Data segment ->
═══
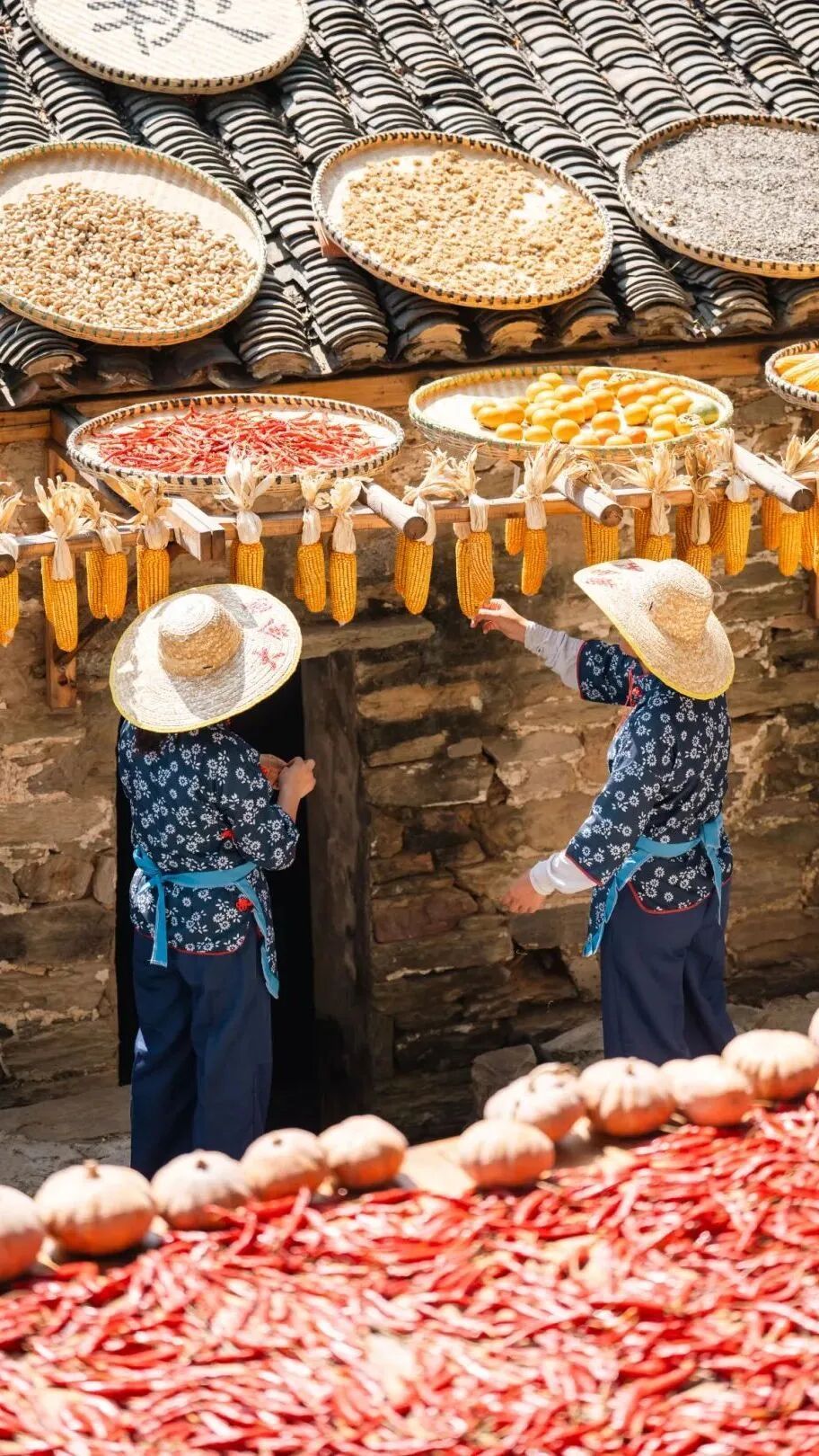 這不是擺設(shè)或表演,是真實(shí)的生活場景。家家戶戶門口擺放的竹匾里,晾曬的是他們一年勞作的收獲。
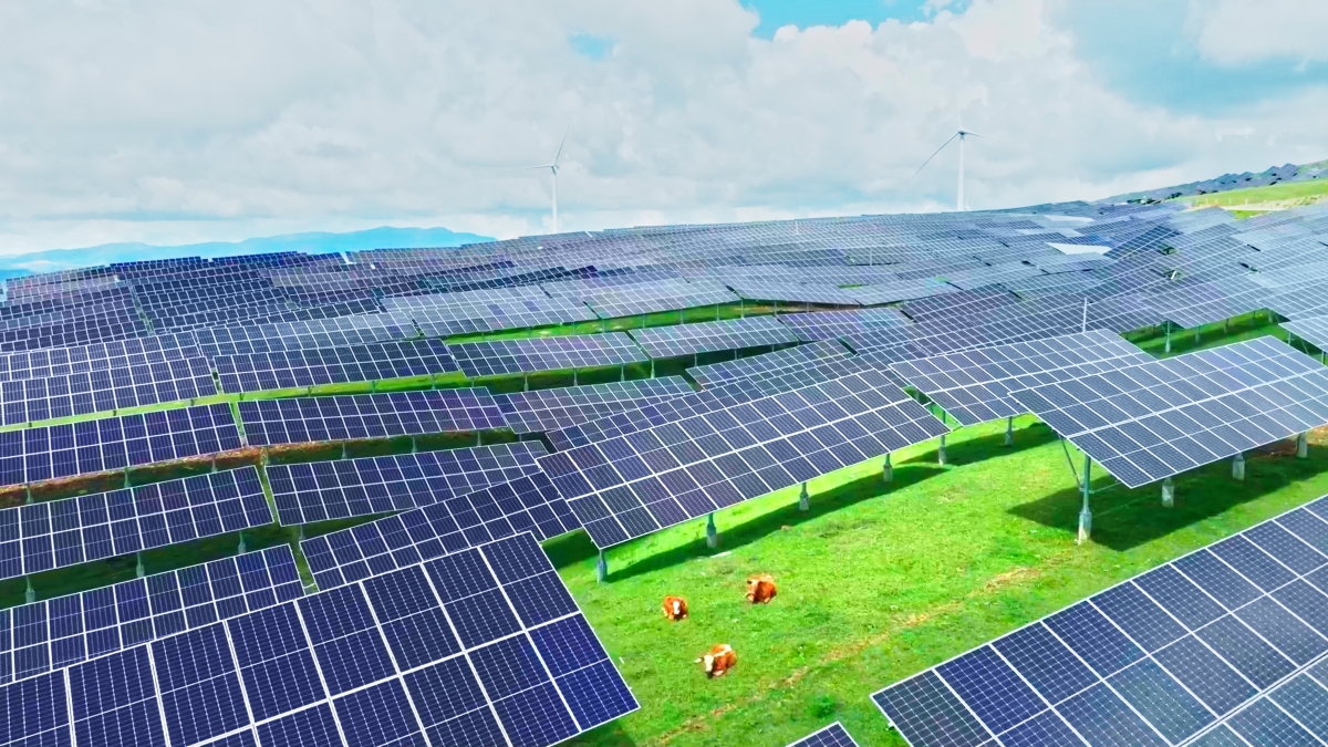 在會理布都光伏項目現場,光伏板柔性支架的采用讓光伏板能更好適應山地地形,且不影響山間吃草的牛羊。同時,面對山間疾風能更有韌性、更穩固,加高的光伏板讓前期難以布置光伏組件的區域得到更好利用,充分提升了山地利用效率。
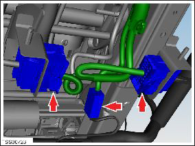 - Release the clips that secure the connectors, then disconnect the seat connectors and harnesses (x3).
═══
Assignment ->
From the first line to the last, write out the data above exactly. Omit the pictures.

Solution for this task ->
 這不是擺設(shè)或表演,是真實(shí)的生活場景。家家戶戶門口擺放的竹匾里,晾曬的是他們一年勞作的收獲。
 在會理布都光伏項目現場,光伏板柔性支架的采用讓光伏板能更好適應山地地形,且不影響山間吃草的牛羊。同時,面對山間疾風能更有韌性、更穩固,加高的光伏板讓前期難以布置光伏組件的區域得到更好利用,充分提升了山地利用效率。
 - Release the clips that secure the connectors, then disconnect the seat connectors and harnesses (x3).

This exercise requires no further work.